A non-centromeric role for CENP-A
in DNA damage repair has previously been proposed using Xenopus sperm as well as mouse and human somatic cells (38
). In order to evaluate the dynamics of CENP-A in hPSCs following DNA damage, we used irradiation to induce double-strand breaks, and in agreement with previous studies, we identified an increase in the number of CENP-A
foci shortly after inducing damage (38
). However, our data stand in contrast to previous reports, as we did not observe an increase in foci size, or direct correlation with γH2AX staining. These differences may be explained by species differences, or an inherent difference between diploid hPSCs and haploid sperm. Given that in our study, CENP-A foci did not correlate with γH2AX after DNA damage, this would indicate that CENP-A is not localizing stably to induced break points in hPSCs (38
). Furthermore, at 60 min after DNA damage, CENP-A foci also do not co-localize with CENP-C. This would indicate that the centromere is no longer functional during this period and therefore, before the cells can resume mitosis after DNA damage and repair, functional centromeres will need to be rebuilt. Inducing DNA damage of CENP-A-depleted hPSCs revealed that 24 h after DNA damage, CENP-A depleted cells are undergoing significantly higher levels of apoptosis relative to control. Combined with the result that CENP-C and CENP-A foci do not correlate following DNA damage, our interpretation is that increased apoptosis at 24 h is not due to defects in DNA repair associated with γH2AX, because CENP-A and γH2AX show no major overlap. Instead, we favor the hypothesis that increased apoptosis in CENP-A-depleted cells following DNA damage is due to reduced availability of new CENP-A protein to rebuild the CENP-A/CENP-C uncoupled centromeres following DNA damage.

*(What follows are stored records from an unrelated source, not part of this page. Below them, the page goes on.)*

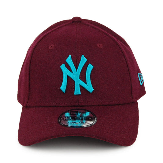 New Era 9FORTY New York Yankees Baseball Cap - MLB Melton - Burgunderrot-Petrol
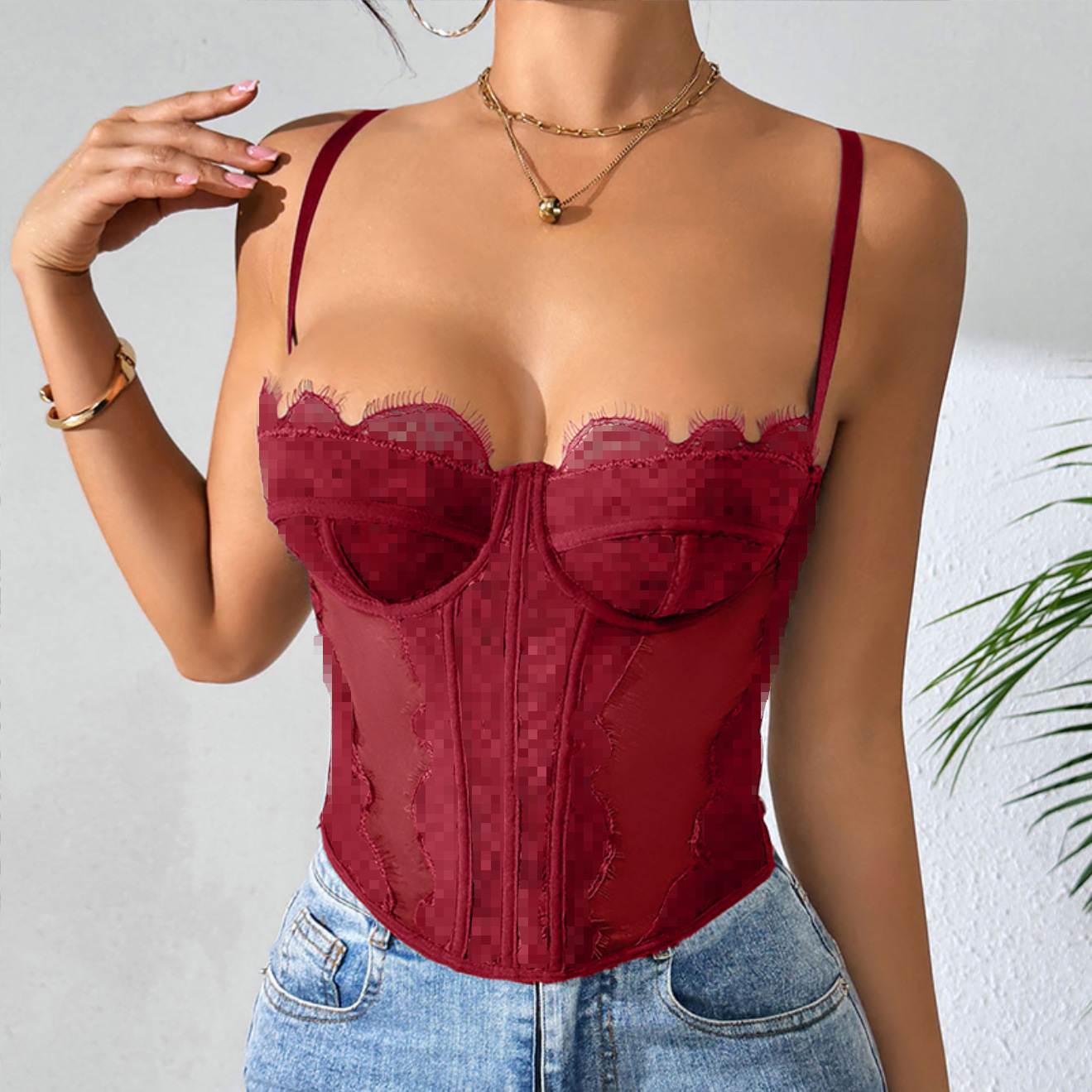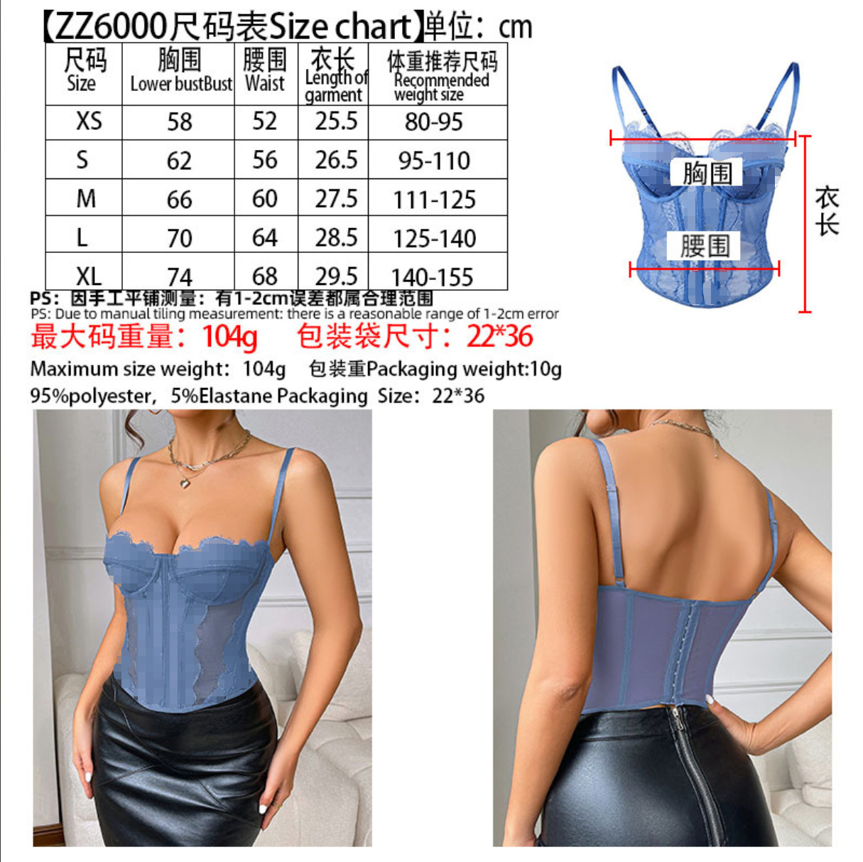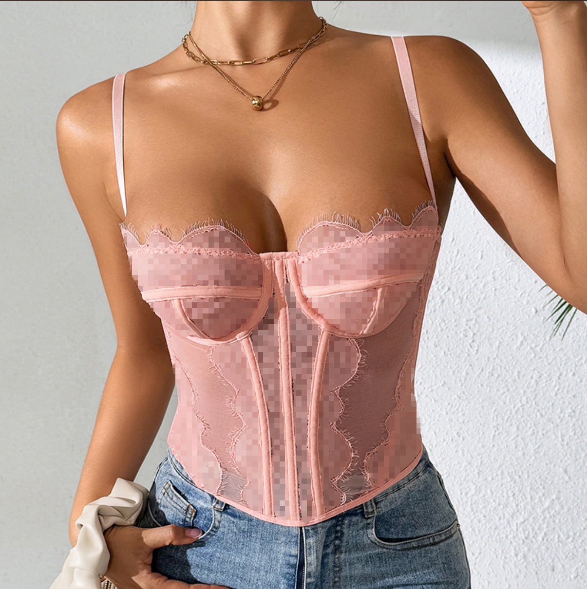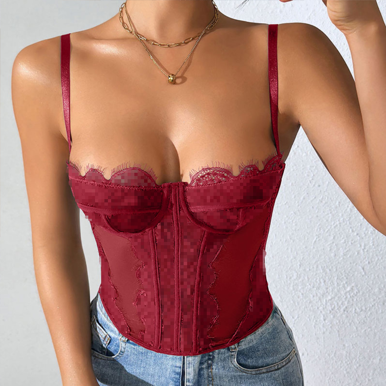Women/Girl Sexy Gather Slim Fingerbone Bust Eyelashes Lace Suspender Vest ZZ6000#
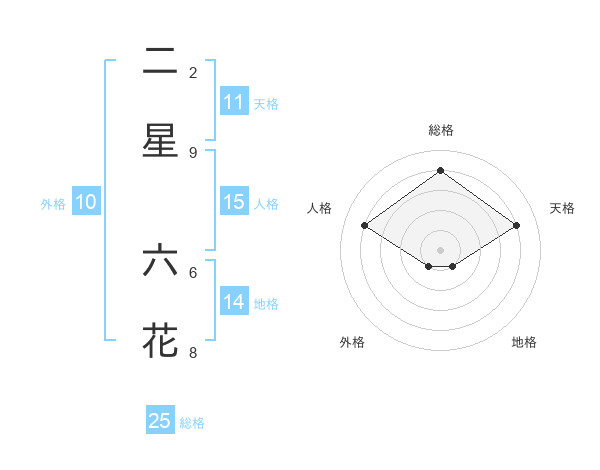 二星 六花さんの総格は25画の4点!
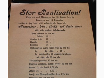 Reklamaffisch för Stor Realisation hos handlare F.O. Nelson i Målilla från 1902
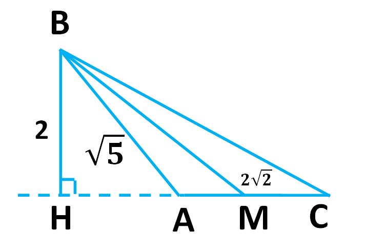 Решение. Из анализа условия задачи делаем вывод, что ∠ A — тупой. Действительно, ведь сумма всех углов в треугольнике равна 180°. Находим по теореме Пифагора длину HA = 1. Далее по теореме Пифагора находим длину HM = 2. Следовательно, AM = HM — HA = 1. При этом AM = MC = 1 (т. к. BM — медиана). Итак, HC = HA + AM + MC = 3. Следовательно, по теореме Пифагора BC = . Прямой подстановкой убеждаемся в справедливости ранее полученной формулы для длины медианы треугольника.
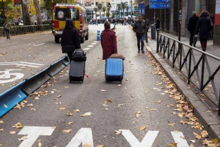 Una pareja camina en el carril bus durante la huelga de los taxis en noviembre de 2017.Sergio Perez / Reuters
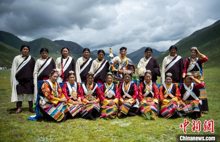 28歲藏族小伙尼瑪(后排右四)與跳直孔普堆巴宣舞的牧民們?!⒅铱?攝
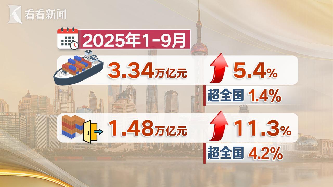 前三季度,上海进出口达3.34万亿元,同比增长5.4%,增速由开局落后全国,转为反超1.4个百分点。其中,出口是主要动力,前三季度同比增长超11%,增速高出全国4.2个百分点。
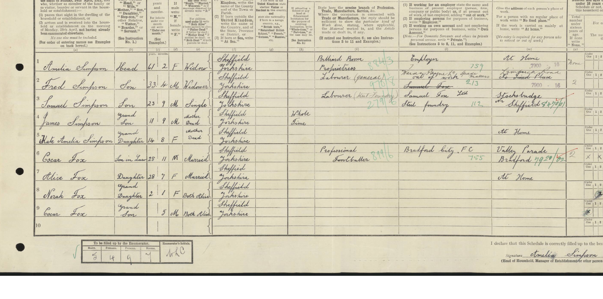 | Fred SIMPSON | 13 | Son | Sheffield Yorkshire | |
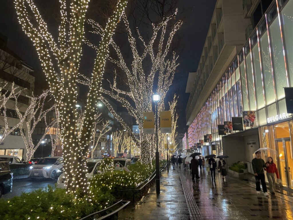 25th December, Christmas Day. Unfortunately, it was a rainy day, but the popular areas ablaze with illuminations were bustling with crowds. This time, we introduce Tokyo’s Omotesando and Shibuya. Both are areas hugely popular with young people.
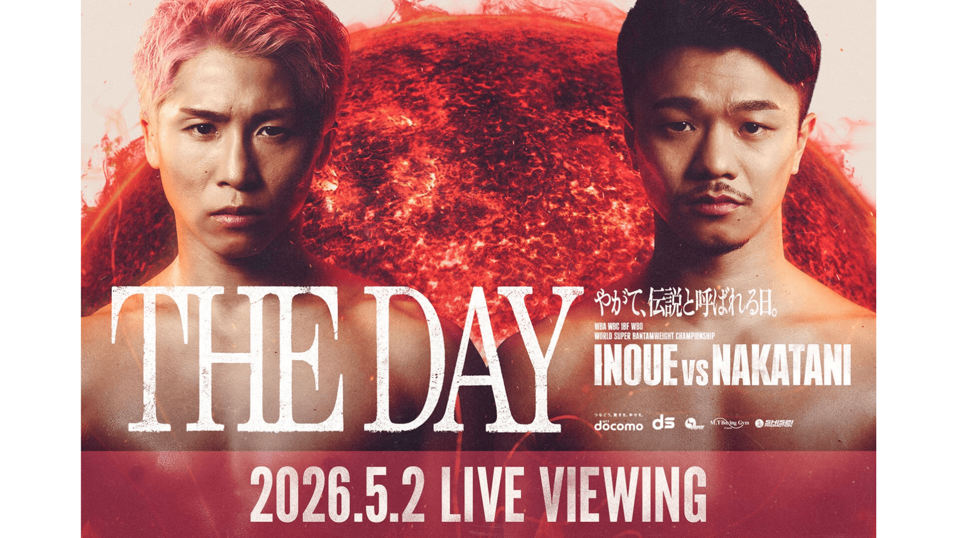 2026年5月2日(土)に開催される、ボクシング界注目のビッグイベント「NTTドコモ presents Lemino BOXING ダブル世界タイトルマッチ 井上尚弥 vs 中谷潤人」のライブビューイング実施が決定!歴史的な一戦を、IGアリーナにて生中継でお届けいたします。
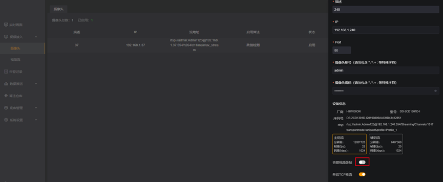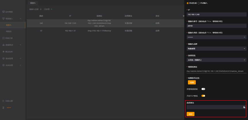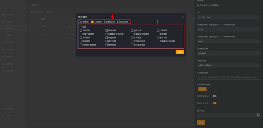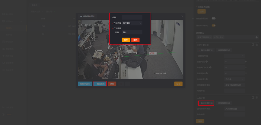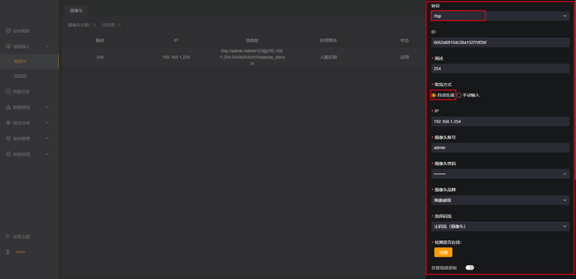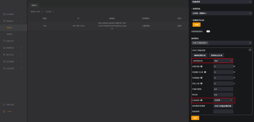 - 点击【视频接入】-【摄像头】-【添加摄像头】按钮,配置摄像头与算法参数。
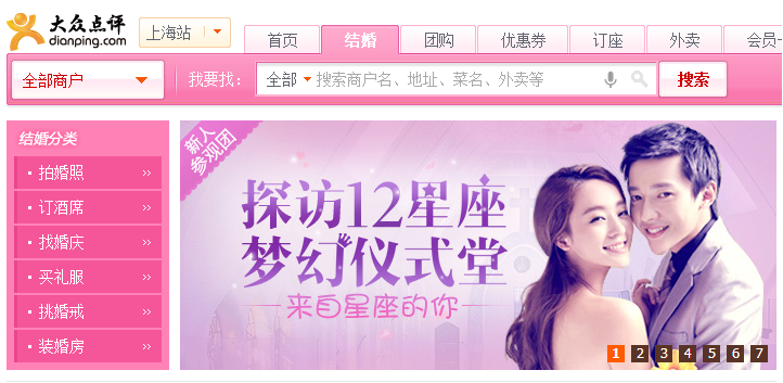 大众点评近日对外宣布,将深耕结婚及酒店旅游两大垂直领域,整合旗下横向产品线对接商户和消费者并为双方提供服务,完成 O2O 闭环。
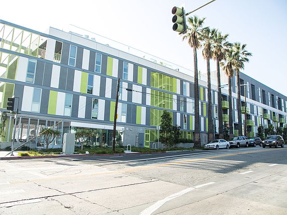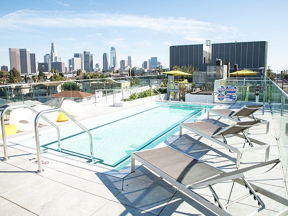 An inspiring apartment community with an upscale vibe and central location between downtown LA and Silver Lake, with easy access to Highway 101. While you admire the view of the Los Angeles skyline through your floor-to-ceiling windows, your guests will admire your apartment's fluid design and contemporary features. The kitchen draws the eye from the wood plank flooring up to the stainless-steel appliances, quartz counters, and upper cabinets in white lacquer and lower in brown wood tones. Socialize in the clubhouse and then have a refreshing drink on the rooftop Jacuzzi pool deck, grill your barbecue favorites, or simply relax in front of several fire pits taking in the skyline. Take advantage of the state-of-the-art fitness center or visit the onsite pet park or pet spa to take care of your pet.

In conclusion, cultured hPSCs are unique cell types that closely resemble the inner cell mass cells in blastocysts that normally persist for only a few days before changing fate to create every cell type in the body including the germline. In the first week post-fertilization, the human embryo is dividing on a rigid time scale governed by female reproductive physiology that creates a small window for successful implantation. If cell division occurs too slowly, then the embryo is lost because the window for receptive implantation is over. Our results suggest that hPSCs create both a reserve of CENP-A mRNA as well as the flexibility to reduce the amount of CENP-A necessary to create a functional centromere. This mechanism functions in favor of cell division, while minimizing the potential for post-fertilization aneuploidies due to defective centromeres. The fact that hIPS cells maintain this same phenomenon indicates that establishing a dynamic range for CENP-A is not merely a relic from the pre-implantation embryo, but an integral aspect of hPSC self-renewal. Finally, our data indicate that hPSCs provide a new and unique tool with which to evaluate the biology of CENP-A (Fig. ) and the pathways by which centromeric nucleosomes in primary human cells of the same genotype are dynamically remodeled under conditions of self-renewal, differentiation and DNA damage.